Ricky Byrdsong Race Against Hate imparts timely message in wake of Charleston shooting


Julia Jacobs/Daily Senior Staffer

Sherialyn Byrdsong, widow of Ricky Byrdsong, speaks before the start of the 5K race in memorial of her husband. Sunday marked the 16th annual Race Against Hate in memorial of Ricky Byrdsong, a former Northwestern basketball coach killed in 1999.

Julia Jacobs, Summer Editor

A record number of runners and walkers gathered in north Evanston on Sunday morning for the Ricky Byrdsong Memorial Race Against Hate, a city tradition in remembrance of the former Northwestern basketball coach killed by a white supremacist in 1999.

This year, its 16th, the event paid tribute to the victims of last week’s shooting in Charleston, South Carolina, in which a 21-year-old man shot and killed nine people during Bible study at the historic Emanuel African Methodist Episcopal Church. The YWCA Evanston/North Shore, which organized the event, encouraged race-goers to write a message in a book to send to Charleston, while Sherialyn Byrdsong, Ricky Byrdsong’s widow, shared words of support before the race’s kick-off.

“My prayer is that those families, those communities and the city of Charleston can find their silver lining in this senseless tragedy, as we have,” Byrdsong said to the crowd of runners at the starting mark. “To honor those nine lives, to overcome hate with love, to become more united than divided and to be a better city than they could have ever been before.”

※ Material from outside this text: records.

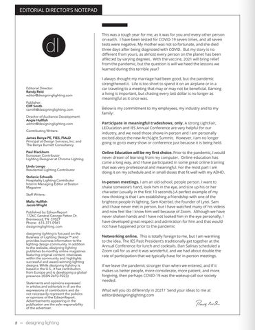 Editorial Director: Randy Reid editor@designinglighting.com Publisher: Cliff Smith csmith@designinglighting.com Director of Audience Development: Angie Hullfish admin@designinglighting.com Contributing Writers: James Benya PE, FIES, FIALD Principal at Design Services, Inc. and The Benya Burnett Consultancy Paul Blackburn European Contributor Lighting Designer at Chroma Lighting Linda Longo Residential Lighting Contributor Stefanie Schwalb Hospitality Lighting Contributor Interim Managing Editor at Boston Magazine Staff Writers: Malia Hullfish Jacob Wright Published by EdisonReport 1726C General George Patton Dr. Brentwood, TN 37027 Phone: 615-371-0961 designinglighting.com designing lighting is focused on the Business of Lighting Design™ and provides business information to the lighting design community. In addition to the website, designing lighting publishes bi-monthly online magazines featuring original content, interviews within the community and highlights successful and award-winning lighting designs. While designing lighting is based in the U.S., it has contributors from Europe and is developing a global presence. (ISSN 2693-9223) Statements and opinions expressed in articles and editorials in dl are the expressions of contributors and do not necessarily represent the policies or opinions of the EdisonReport. Advertisements appearing in the publication are the sole responsibility of the advertiser.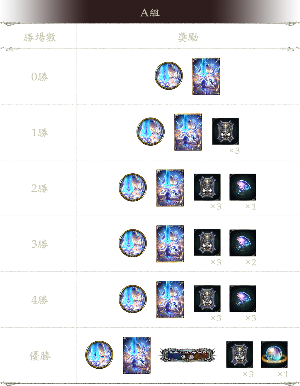 5勝:溯時指定系列卡包兌換券 3張、次元石 1個、Strategy Pick Cup Vol.13 優勝(稱號)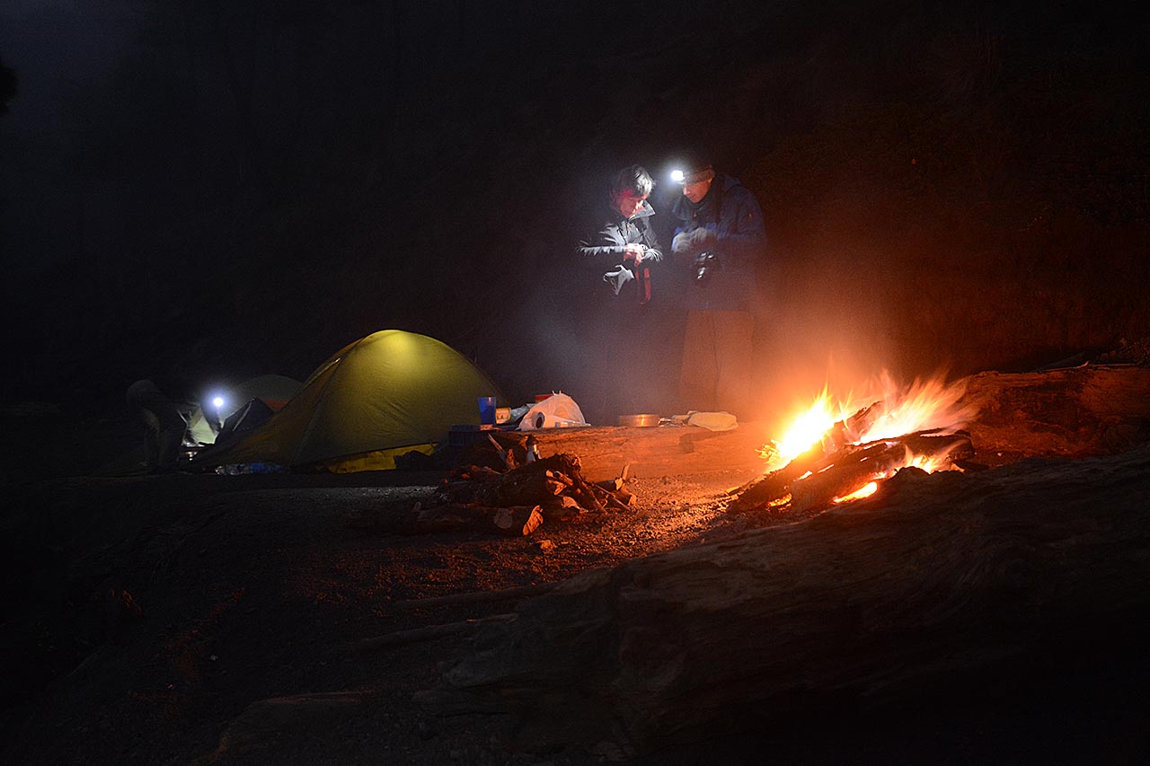 We stoppen na 12 uur iets langer om op een open plek, iets uit de wind.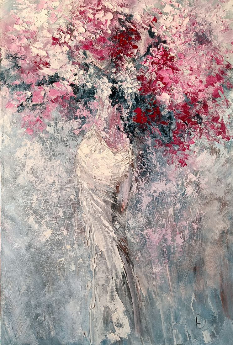 Погрузитесь в мир грёз с картиной маслом "Затерявшаяся в цветах". Эта завораживающая работа притягивает взгляд, заставляя гадать: то ли перед вами изящный женский силуэт, то ли фантастическая ваза, утопающая в букете невесомых цветов. Верхняя часть фигуры словно растворяется в облаке лепестков, напоминающих танцующих эльфов, а в воздухе витает едва уловимая мелодия романтики.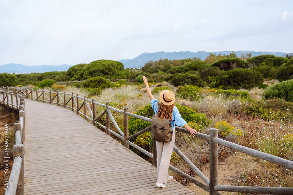 Beautiful woman in hat and backpack walking on wooden walking path enjoying seascape. Young tourist feeling enjoyment in nature. Travel and vacation concept. Active lifestyle.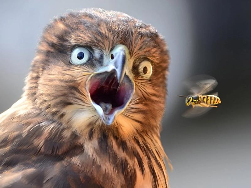 スズメバチと鳥の間で dramatic な race が unfolds し、それぞれが目的地に first になることを determined しています。緊張と速度は single frame に捉えられ、anticipation で息をのむようにさせます。この画像は、動物界全体に見いだされる relentless drive と competitive spirit への testament です。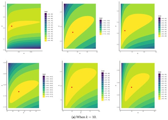 It is essential to investigate the existence and uniqueness of the MLEs for the APE () and BB () model parameters. However, due to the intricate form of the log-likelihood functions (), given in (12) and (16), establishing these properties analytically is intractable. To address this limitation, we simulate a P-FFC-BB sample from APE (2, 1) and BB (1, 1) under the setup . From the simulated data, the estimated MLEs for the APE parameters are obtained as (2.6456, 0.6637), while the BB parameters are estimated as (0.0194, 0.1266). Figure 2 presents the likelihood contours of and , which clearly demonstrate that the proposed MLEs, and , both exist and are unique.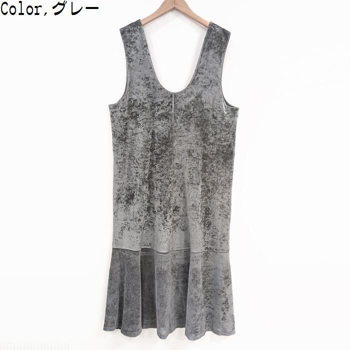 FURRY ベロアメッシュジャンパースカート 前後2wayワンピース 733-59300 furry 洗える 裏地付き ロング マーメイドライン silver black フリーサイズ レディース | marsh*mallow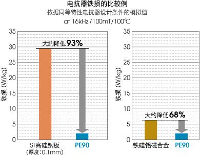 在強化這兩種材料的優勢性,進行改良的工作中,我們敢于開拓 “以往的材料尚未達到的領域”,挑戰磁特性,既大幅降低了磁芯損耗水平,又進一步提高了飽和磁通密度。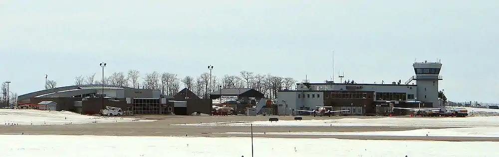 The first terminal was constructed in 1938 to house a small waiting area on the ground floor and control tower on the second.[7] Upgrades after World War II led to the second terminal being built in 1963, which now serves as the Administration Building and has offices for airport administration, Nav Canada, Canada Border Services Agency, and others. The current terminal was built in 2001 and has been renovated (completed 2010)[8] to accommodate additional airline offices, a larger post screening waiting area with washrooms.[6] The North Bay Jack Garland Airport terminal is easily accessible, with curbside access and automatic doors throughout, and now has:

The Charleston shooting makes clear the need to continue spreading a message against hate with this annual race, Byrdsong told The Daily.

Ricky Byrdsong was killed while jogging with his two children in his Skokie neighborhood in 1999 by a 21-year-old neo-Nazi on a shooting rampage.

“That was 16 years ago, and just a few days ago nine more people lost their lives because of the same thing,” she said. “It’s just terrible, and my heart grieves for those families.”

The Father’s Day event includes a 5K and 10K race down Sheridan Road and along the southern lakefront path, as well as a mile-long loop for children. The event is the YWCA’s largest fundraiser, with proceeds going to the organization’s racial justice initiatives and youth violence prevention programs.

With close to 5,500 participants this year, the race has grown in scope and sponsorship over the near-decade it has been run by the YWCA, said Trimmy Stamell, events and grants manager for the organization. Each the year the course for the 10K race changes to avoid construction at NU, this year looping around the campus in a way that avoided construction on Lakeside Field.

While the route may change, each year the meaning behind the race remains constant, Stamell said.

“It always has its core essence that hasn’t changed,” she said. “It’s really what makes it very powerful … a simple and straightforward message.”

Sherialyn Byrdsong told The Daily that since the first race in 2000, the event has become more family-oriented, allowing for the message of unity to spread to young people.

Bernadette Sanchez, who traveled from Chicago’s Rogers Park neighborhood with her husband and two children to participate, said the Race Against Hate is welcoming to families because it allows participants like her to push strollers through the course. Sanchez, a psychology professor at DePaul University, said she intends to continue the tradition for years to come.

“We think it’s a great race, it’s really family friendly — but we mostly do it because of the cause,” Sanchez said.